• How to complete this task:
Of the lines below, write out exactly those from the line with "Sanyco Master Cylinder" through the line with "Bình nước nóng Rossi", both included, and skip the rest.

• Exercise material:
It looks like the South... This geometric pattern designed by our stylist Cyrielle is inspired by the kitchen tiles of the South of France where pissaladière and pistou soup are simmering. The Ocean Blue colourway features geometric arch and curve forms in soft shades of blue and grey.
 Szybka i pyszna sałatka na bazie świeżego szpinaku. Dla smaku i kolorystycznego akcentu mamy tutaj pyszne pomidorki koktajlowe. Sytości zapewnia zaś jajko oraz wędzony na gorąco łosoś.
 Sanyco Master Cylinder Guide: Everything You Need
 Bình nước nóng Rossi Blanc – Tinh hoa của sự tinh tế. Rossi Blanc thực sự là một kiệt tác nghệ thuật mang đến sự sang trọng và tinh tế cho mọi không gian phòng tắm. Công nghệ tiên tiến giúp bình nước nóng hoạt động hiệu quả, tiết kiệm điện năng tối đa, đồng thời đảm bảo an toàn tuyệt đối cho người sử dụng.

...

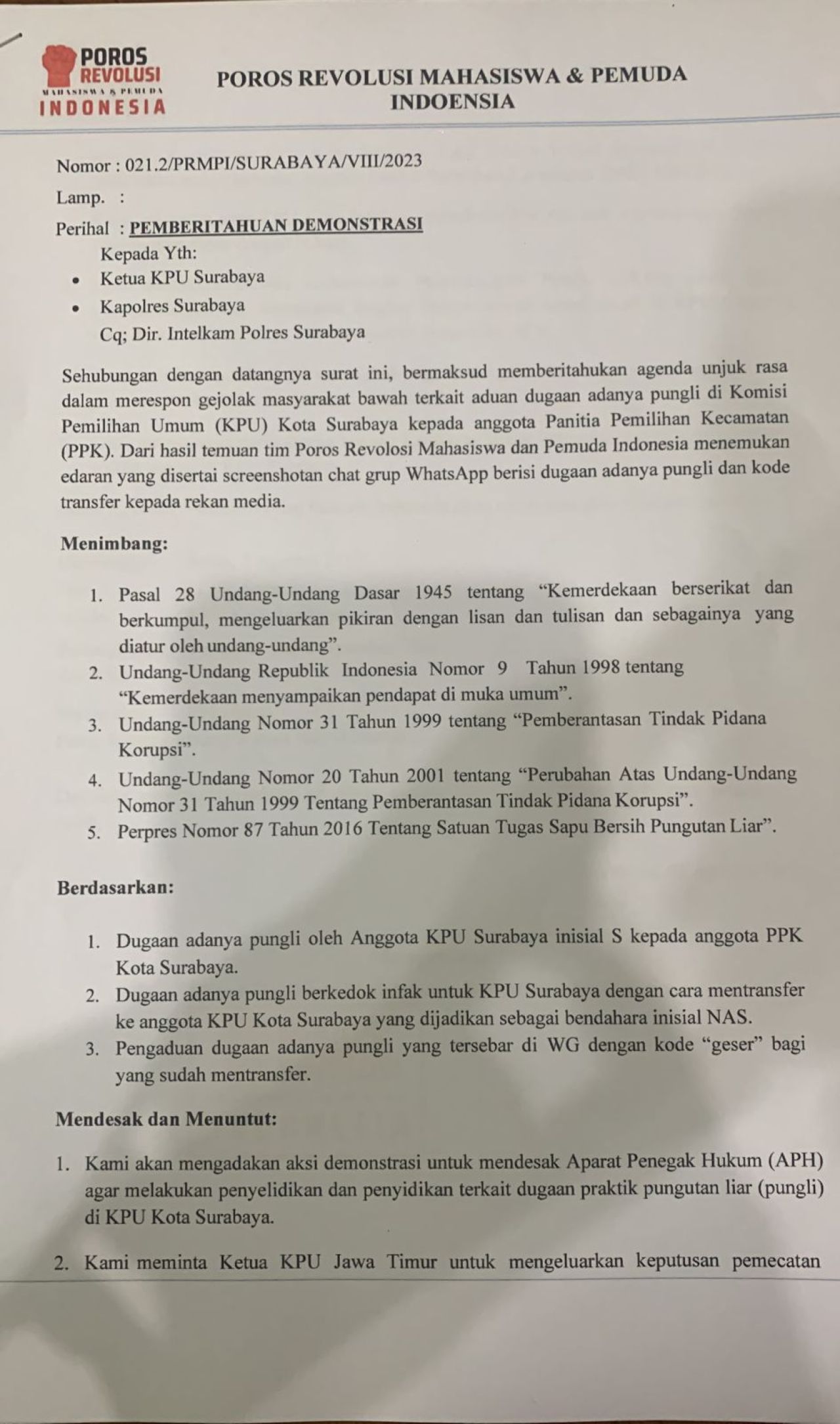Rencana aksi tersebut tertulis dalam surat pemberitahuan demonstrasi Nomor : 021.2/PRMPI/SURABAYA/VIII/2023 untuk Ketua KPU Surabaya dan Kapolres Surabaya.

• Your response:
 Sanyco Master Cylinder Guide: Everything You Need
 Bình nước nóng Rossi Blanc – Tinh hoa của sự tinh tế. Rossi Blanc thực sự là một kiệt tác nghệ thuật mang đến sự sang trọng và tinh tế cho mọi không gian phòng tắm. Công nghệ tiên tiến giúp bình nước nóng hoạt động hiệu quả, tiết kiệm điện năng tối đa, đồng thời đảm bảo an toàn tuyệt đối cho người sử dụng.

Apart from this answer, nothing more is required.